# Parrots



## redwolf (Sep 13, 2012)

Hi guys, 

Got one more question. I have parrots, which I will more than likely be bringing with me.

Does anyone know what the rules are for importation perhaps? quarantine etc.

And are there any other expats in the central area who have parrots who might want to get together??


----------



## canoeman (Mar 3, 2011)

Start here should be similar Moving Pet Birds Internationally

seem to remember a poster in vets about chipping and parrots where on that.

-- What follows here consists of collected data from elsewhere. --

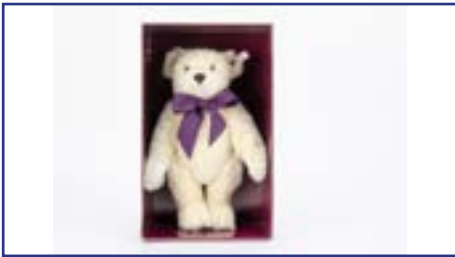
233. A Steiff limited edition for Hamleys Charlotte teddy bear, 1755 of 2000, in original box with certificate, 1994/95 £50-80
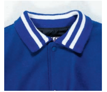
Style #8 Knit Byron Collar
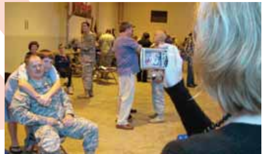
Bulbs flash throughout the morning as family members take photographs of their soldiers.
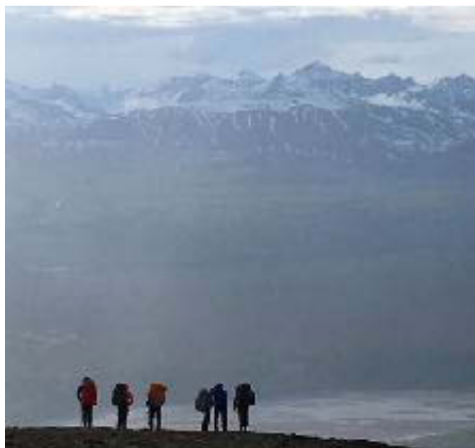
Backpacking in Denali State Park, June 2019
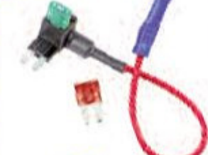
ATR 2-leg micro fuse; main fuse at specified circuit rating up to 30A max. Added circuit up to 10A max.
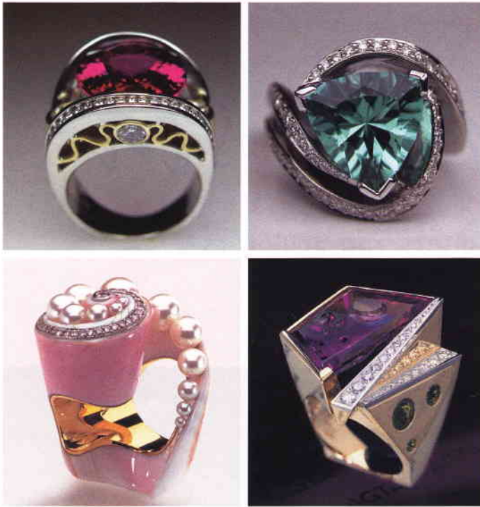
Stunning suspension settings and the Spectrum Award-winning “Neptune’s Birth” have earned national acclaim for Weber Goldsmith Gallery.

her home country’s gem industry. Celebrities have selected her vibrant sapphire and tourmaline designs for red carpet walks. Still, she wants her jewels worn in all settings.
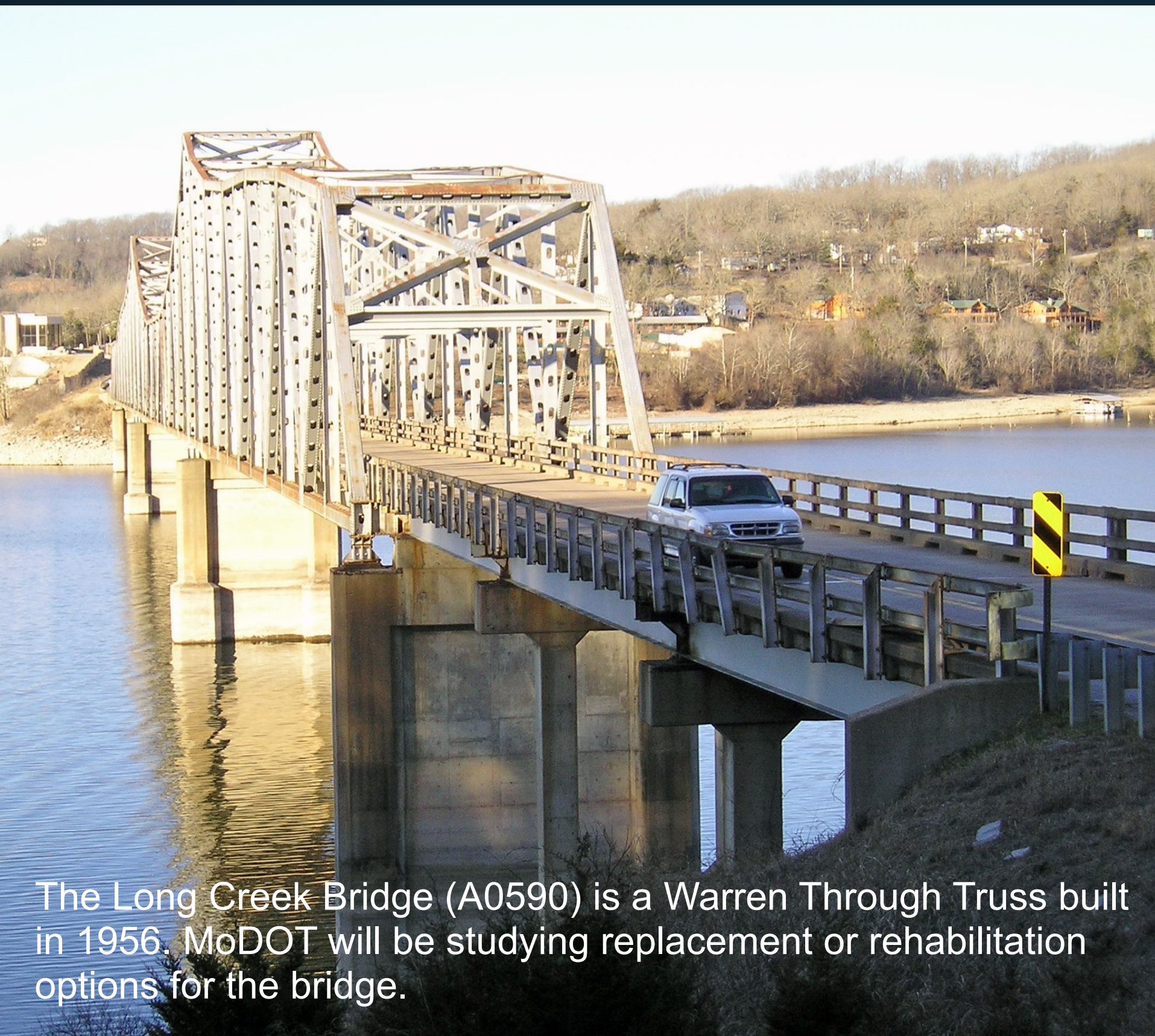
The Long Creek Bridge (A0590) is a Warren Through Truss built in 1956. MoDOT will be studying replacement or rehabilitation options for the bridge.

The Missouri Department of Transportation (MoDOT) is analyzing options for replacement or rehabilitation of the Long Creek Bridge on Route 86 in Taney County, Missouri.

This is Portugals Vetinary site Direção-Geral de Alimentação e Veterinária some information in English there, specifically birds Direcção-Geral de Veterinária - Conteúdo


----------



## redwolf (Sep 13, 2012)

Many thanks canoeman, will check them out. All my birds are already chipped, so at least one hurdle overcome!!

Red



canoeman said:


> Start here should be similar Moving Pet Birds Internationally
> 
> seem to remember a poster in vets about chipping and parrots where on that.
> 
> This is Portugals Vetinary site Direção-Geral de Alimentação e Veterinária some information in English there, specifically birds Direcção-Geral de Veterinária - Conteúdo


----------



## oronero (Aug 24, 2012)

'Chipped birds', is that like 'chipping' your performance car...so do the birds fly a lot faster and further distances?


----------



## redwolf (Sep 13, 2012)

HAHAHAHAHAHAHAHAHAHAHAHA......................I wish!!


----------